Extracted data entries:
+---+

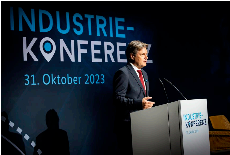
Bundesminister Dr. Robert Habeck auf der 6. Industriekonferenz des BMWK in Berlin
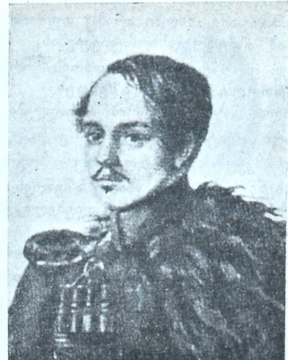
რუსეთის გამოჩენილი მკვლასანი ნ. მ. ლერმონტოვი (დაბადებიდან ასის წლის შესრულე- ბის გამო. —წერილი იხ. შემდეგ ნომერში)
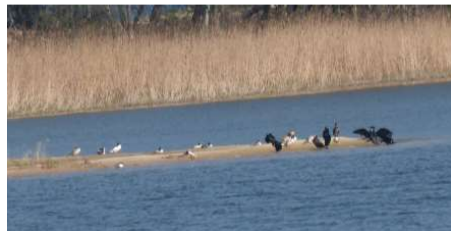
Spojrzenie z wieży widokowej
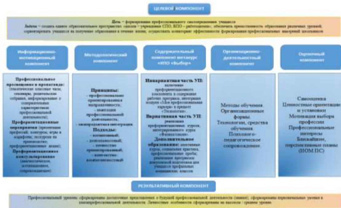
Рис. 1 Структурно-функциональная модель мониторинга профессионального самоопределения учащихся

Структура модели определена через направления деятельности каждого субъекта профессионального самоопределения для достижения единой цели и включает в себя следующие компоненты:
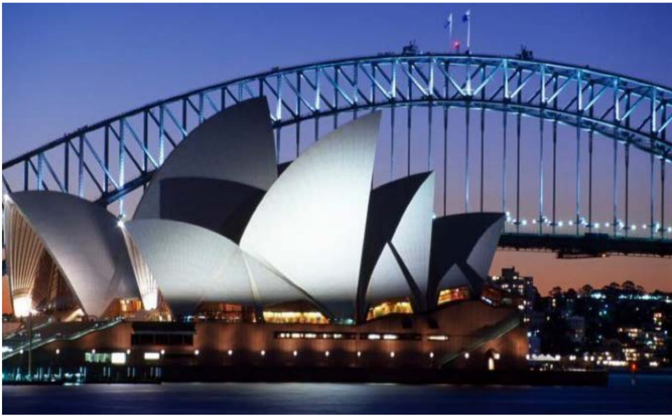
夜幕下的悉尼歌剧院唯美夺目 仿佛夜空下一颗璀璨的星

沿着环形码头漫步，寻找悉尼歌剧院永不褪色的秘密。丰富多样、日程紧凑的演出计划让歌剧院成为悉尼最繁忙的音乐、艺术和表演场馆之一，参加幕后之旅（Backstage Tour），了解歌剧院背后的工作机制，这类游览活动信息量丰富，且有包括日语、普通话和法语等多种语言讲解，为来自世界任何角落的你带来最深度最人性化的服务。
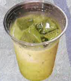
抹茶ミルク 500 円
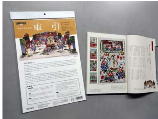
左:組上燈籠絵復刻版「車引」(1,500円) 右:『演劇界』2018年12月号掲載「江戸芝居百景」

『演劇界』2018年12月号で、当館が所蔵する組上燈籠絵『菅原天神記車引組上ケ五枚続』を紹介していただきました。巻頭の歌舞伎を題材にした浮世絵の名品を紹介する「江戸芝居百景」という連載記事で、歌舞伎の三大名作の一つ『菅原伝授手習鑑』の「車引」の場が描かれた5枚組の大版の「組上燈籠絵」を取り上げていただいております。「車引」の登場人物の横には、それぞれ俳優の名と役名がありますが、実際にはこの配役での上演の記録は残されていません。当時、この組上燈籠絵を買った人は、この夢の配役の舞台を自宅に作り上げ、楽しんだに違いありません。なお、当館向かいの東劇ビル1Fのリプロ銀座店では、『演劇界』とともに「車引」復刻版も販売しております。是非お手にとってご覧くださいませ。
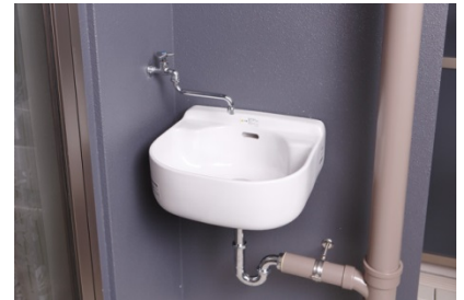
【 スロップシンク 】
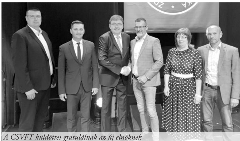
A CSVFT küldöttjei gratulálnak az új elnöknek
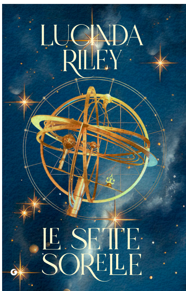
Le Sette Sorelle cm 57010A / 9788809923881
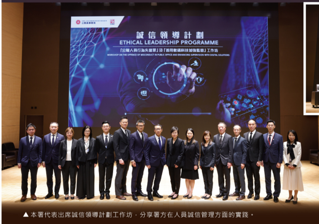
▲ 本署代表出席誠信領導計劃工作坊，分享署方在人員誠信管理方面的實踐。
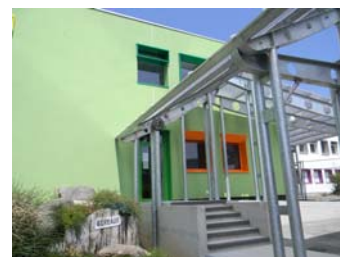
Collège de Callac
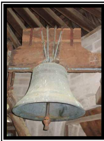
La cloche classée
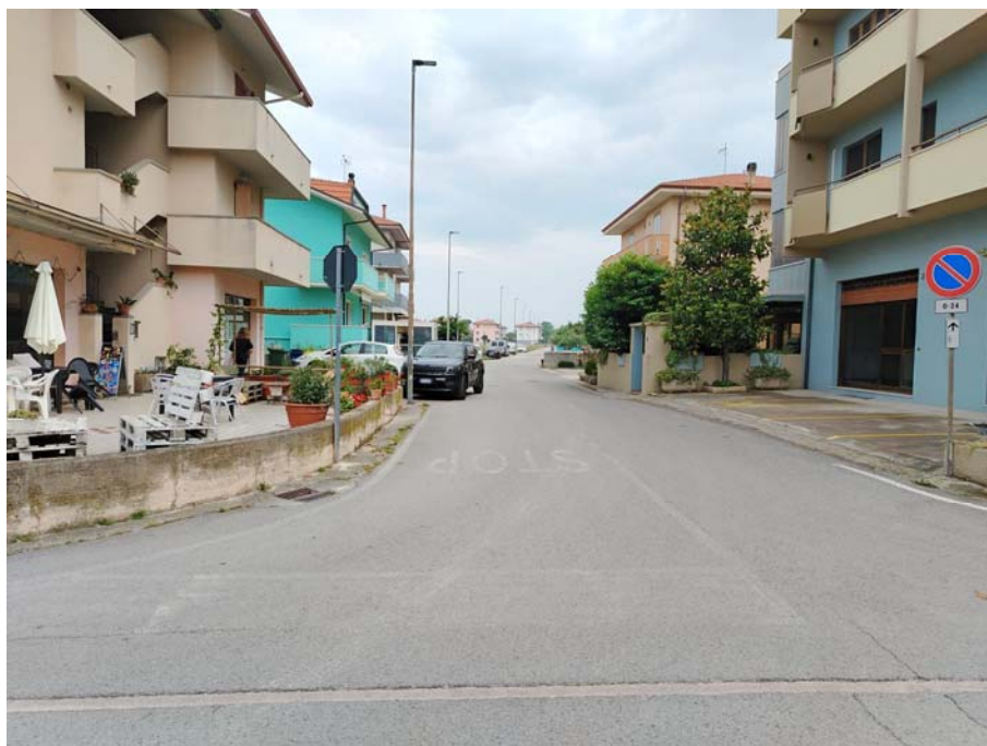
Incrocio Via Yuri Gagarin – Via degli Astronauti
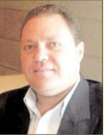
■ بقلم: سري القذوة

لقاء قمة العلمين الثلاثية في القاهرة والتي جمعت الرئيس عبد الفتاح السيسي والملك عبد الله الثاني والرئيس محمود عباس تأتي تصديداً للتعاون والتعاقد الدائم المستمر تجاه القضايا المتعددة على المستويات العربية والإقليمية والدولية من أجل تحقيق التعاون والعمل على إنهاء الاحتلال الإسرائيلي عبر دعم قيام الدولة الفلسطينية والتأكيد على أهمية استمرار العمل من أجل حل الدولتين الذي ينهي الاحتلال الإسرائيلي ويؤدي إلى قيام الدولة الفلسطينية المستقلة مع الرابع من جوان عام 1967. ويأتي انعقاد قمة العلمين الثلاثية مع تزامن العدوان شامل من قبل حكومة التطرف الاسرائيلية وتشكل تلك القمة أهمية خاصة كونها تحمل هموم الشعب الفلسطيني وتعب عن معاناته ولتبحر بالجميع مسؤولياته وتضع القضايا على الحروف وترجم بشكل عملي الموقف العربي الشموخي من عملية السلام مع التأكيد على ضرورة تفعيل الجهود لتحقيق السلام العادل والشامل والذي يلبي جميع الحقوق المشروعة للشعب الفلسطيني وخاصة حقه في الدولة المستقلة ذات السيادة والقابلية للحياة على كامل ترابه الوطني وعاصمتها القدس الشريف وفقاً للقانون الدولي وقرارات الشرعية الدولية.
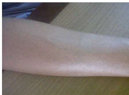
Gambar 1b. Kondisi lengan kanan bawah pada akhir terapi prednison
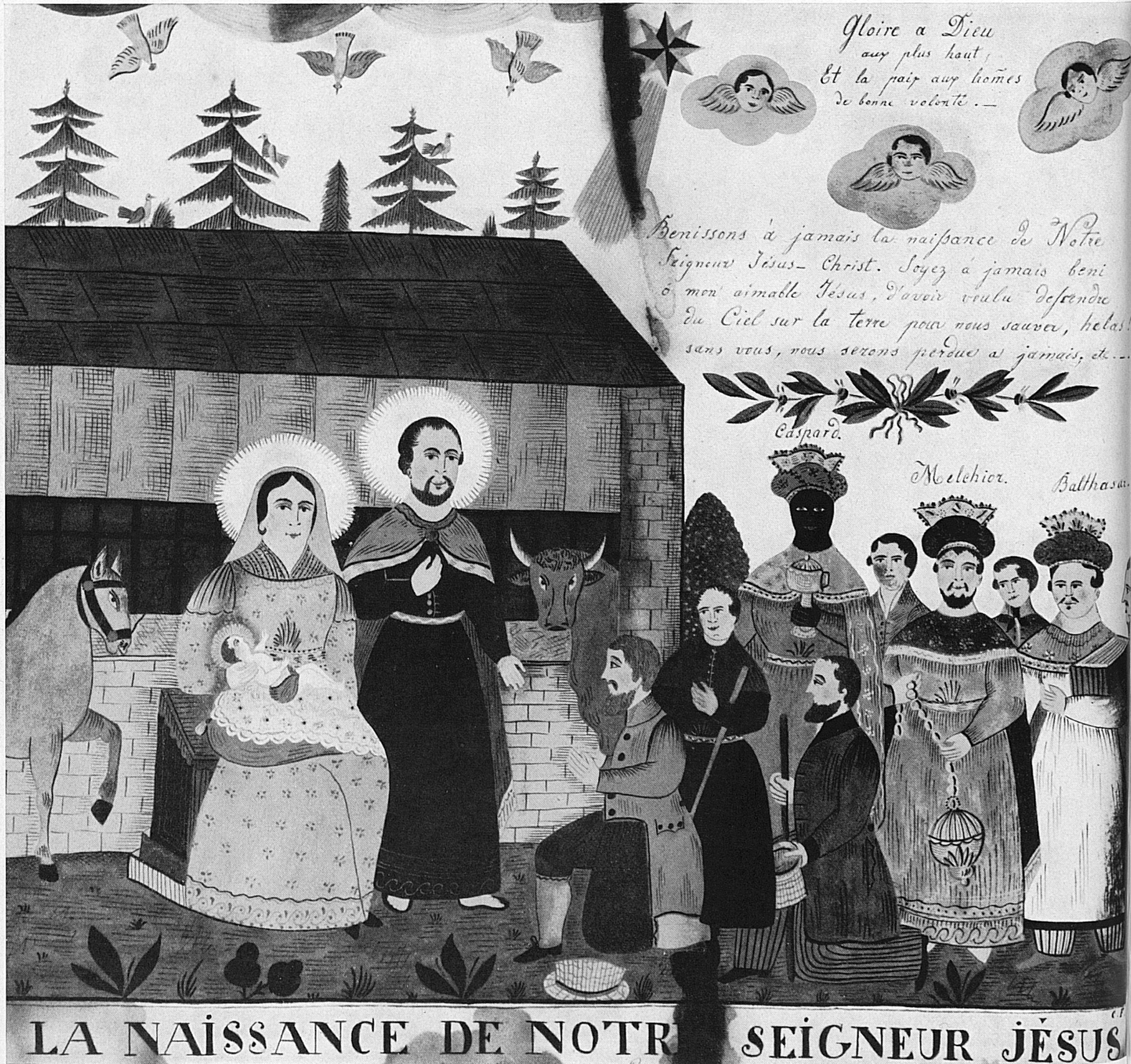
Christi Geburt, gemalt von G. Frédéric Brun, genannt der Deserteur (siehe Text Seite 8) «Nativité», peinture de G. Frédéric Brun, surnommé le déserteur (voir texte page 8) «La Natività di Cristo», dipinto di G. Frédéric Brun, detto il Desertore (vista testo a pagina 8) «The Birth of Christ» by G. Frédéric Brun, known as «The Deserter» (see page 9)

+---+

Going over every line of the entries, tally those containing the string "самоопределения" and report only the figure.

## REPLY
2